Task objective: The data below contains pictures, which are to be skipped; the lines starting at the line with "5月11日,游客在陕西历史博" and ending at the line with "YH-A/B 600~800KG立式捲門機外觀尺寸圖 (單位:mm)" are to be output exactly, both ends included.
[Opening Data provided section]
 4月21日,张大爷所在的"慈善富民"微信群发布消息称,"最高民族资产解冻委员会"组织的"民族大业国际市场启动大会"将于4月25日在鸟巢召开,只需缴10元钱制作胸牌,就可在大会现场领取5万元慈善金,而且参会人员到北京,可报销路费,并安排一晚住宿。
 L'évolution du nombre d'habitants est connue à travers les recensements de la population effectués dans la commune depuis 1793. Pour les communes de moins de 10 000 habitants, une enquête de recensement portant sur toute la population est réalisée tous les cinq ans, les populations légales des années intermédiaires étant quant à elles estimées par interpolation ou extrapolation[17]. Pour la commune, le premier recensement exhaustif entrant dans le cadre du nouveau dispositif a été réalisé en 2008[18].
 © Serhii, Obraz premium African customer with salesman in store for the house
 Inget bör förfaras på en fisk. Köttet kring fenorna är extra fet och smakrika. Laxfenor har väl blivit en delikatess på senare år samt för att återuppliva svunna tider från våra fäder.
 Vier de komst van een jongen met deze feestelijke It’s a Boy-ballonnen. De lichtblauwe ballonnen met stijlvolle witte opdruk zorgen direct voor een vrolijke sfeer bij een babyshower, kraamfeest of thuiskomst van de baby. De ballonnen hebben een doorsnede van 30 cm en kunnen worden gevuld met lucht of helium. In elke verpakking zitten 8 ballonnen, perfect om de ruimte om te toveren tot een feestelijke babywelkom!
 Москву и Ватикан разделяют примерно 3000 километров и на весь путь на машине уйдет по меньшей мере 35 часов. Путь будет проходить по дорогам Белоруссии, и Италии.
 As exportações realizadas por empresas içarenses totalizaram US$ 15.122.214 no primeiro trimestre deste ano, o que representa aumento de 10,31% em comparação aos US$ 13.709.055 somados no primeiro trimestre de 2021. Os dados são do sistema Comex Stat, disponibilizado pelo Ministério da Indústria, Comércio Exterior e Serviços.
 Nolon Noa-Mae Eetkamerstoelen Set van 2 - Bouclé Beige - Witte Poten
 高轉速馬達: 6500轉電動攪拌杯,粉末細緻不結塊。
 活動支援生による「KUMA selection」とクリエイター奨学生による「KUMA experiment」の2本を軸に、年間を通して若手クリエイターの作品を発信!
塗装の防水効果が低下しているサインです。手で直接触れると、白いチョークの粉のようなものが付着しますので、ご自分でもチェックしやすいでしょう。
[Closing Data provided section]
[Opening Data provided section]
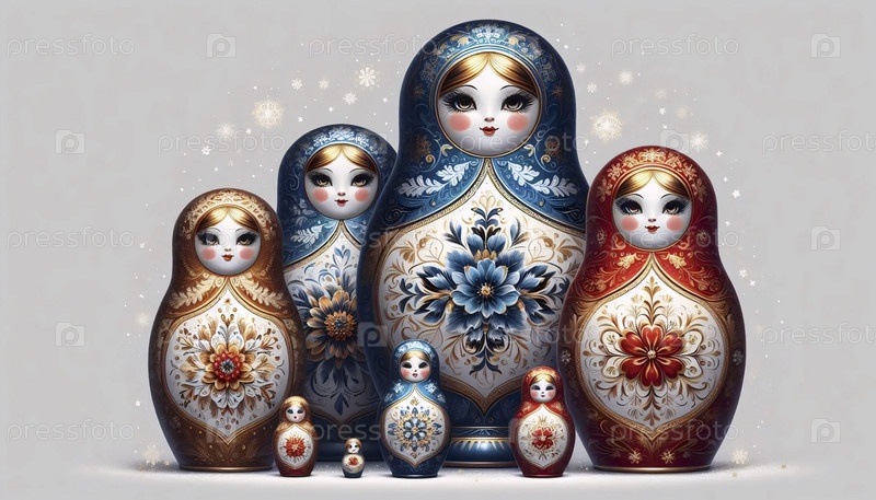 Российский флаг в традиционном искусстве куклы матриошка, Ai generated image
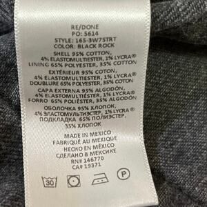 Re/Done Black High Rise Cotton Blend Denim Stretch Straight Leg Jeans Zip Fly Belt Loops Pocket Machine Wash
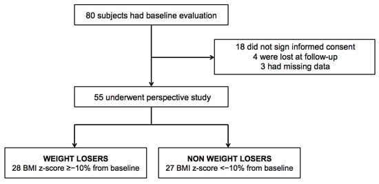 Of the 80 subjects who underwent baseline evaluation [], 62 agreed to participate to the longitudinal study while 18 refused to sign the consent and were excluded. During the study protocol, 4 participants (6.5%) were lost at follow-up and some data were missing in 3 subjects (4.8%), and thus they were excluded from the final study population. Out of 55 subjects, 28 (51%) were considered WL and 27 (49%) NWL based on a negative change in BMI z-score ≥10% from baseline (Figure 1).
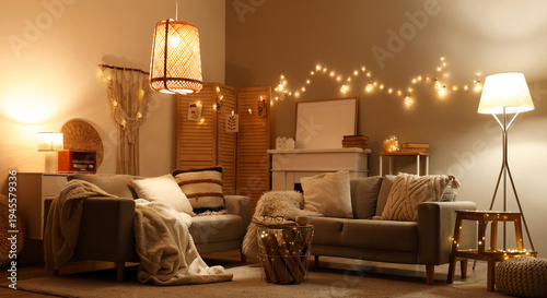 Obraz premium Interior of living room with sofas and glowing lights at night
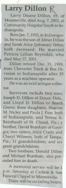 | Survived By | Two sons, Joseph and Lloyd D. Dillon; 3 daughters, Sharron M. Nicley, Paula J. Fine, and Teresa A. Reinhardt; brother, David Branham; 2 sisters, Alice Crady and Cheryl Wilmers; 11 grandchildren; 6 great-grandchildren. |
[Closing Data provided section]
[Opening Data provided section]
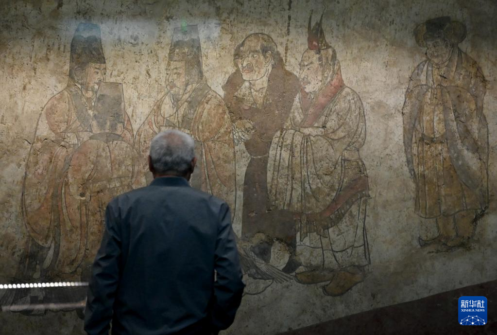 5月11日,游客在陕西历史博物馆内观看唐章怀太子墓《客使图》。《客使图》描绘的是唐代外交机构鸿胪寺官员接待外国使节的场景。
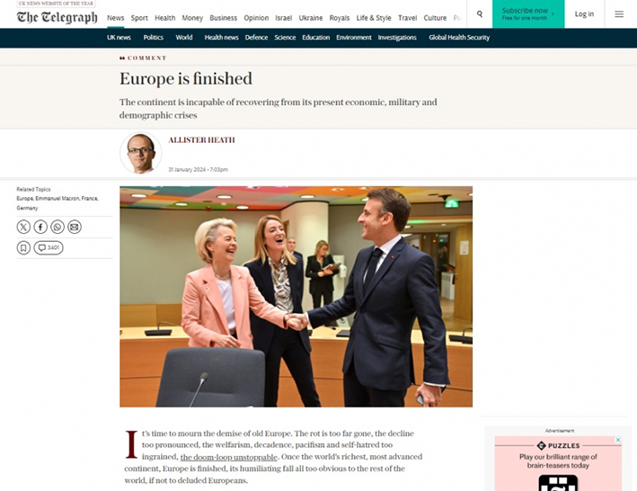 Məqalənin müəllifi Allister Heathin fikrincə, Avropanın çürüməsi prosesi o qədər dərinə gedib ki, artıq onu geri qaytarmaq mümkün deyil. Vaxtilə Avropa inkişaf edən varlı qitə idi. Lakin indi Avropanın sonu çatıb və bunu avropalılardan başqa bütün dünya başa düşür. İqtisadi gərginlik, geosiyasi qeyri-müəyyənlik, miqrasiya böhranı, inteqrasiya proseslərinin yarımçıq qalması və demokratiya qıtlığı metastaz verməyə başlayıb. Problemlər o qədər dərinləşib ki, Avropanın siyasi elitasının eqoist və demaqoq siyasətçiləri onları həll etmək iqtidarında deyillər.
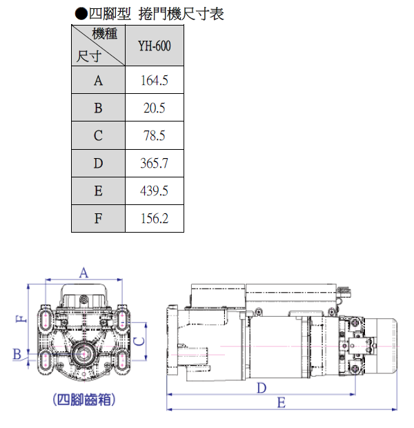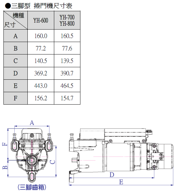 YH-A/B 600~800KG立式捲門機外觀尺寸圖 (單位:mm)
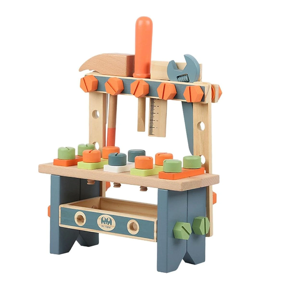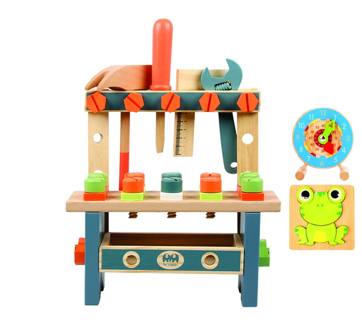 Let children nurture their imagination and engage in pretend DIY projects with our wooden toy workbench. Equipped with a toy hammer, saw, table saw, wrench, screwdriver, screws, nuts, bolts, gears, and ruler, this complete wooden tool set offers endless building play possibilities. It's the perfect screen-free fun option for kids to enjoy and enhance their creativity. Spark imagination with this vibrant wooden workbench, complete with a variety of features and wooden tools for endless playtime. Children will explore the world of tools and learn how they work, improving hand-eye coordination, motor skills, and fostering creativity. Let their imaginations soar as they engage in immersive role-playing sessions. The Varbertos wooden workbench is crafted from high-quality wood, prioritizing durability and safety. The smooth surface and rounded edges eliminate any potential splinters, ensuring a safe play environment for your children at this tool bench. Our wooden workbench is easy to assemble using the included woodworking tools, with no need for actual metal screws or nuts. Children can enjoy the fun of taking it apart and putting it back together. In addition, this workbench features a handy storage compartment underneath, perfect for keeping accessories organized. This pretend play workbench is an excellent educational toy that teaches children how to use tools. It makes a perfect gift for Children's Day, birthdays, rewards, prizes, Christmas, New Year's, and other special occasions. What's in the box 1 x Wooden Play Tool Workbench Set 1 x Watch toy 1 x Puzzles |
[Closing Data provided section]
Solution to the exercise:
 5月11日,游客在陕西历史博物馆内观看唐章怀太子墓《客使图》。《客使图》描绘的是唐代外交机构鸿胪寺官员接待外国使节的场景。
 Məqalənin müəllifi Allister Heathin fikrincə, Avropanın çürüməsi prosesi o qədər dərinə gedib ki, artıq onu geri qaytarmaq mümkün deyil. Vaxtilə Avropa inkişaf edən varlı qitə idi. Lakin indi Avropanın sonu çatıb və bunu avropalılardan başqa bütün dünya başa düşür. İqtisadi gərginlik, geosiyasi qeyri-müəyyənlik, miqrasiya böhranı, inteqrasiya proseslərinin yarımçıq qalması və demokratiya qıtlığı metastaz verməyə başlayıb. Problemlər o qədər dərinləşib ki, Avropanın siyasi elitasının eqoist və demaqoq siyasətçiləri onları həll etmək iqtidarında deyillər.
 YH-A/B 600~800KG立式捲門機外觀尺寸圖 (單位:mm)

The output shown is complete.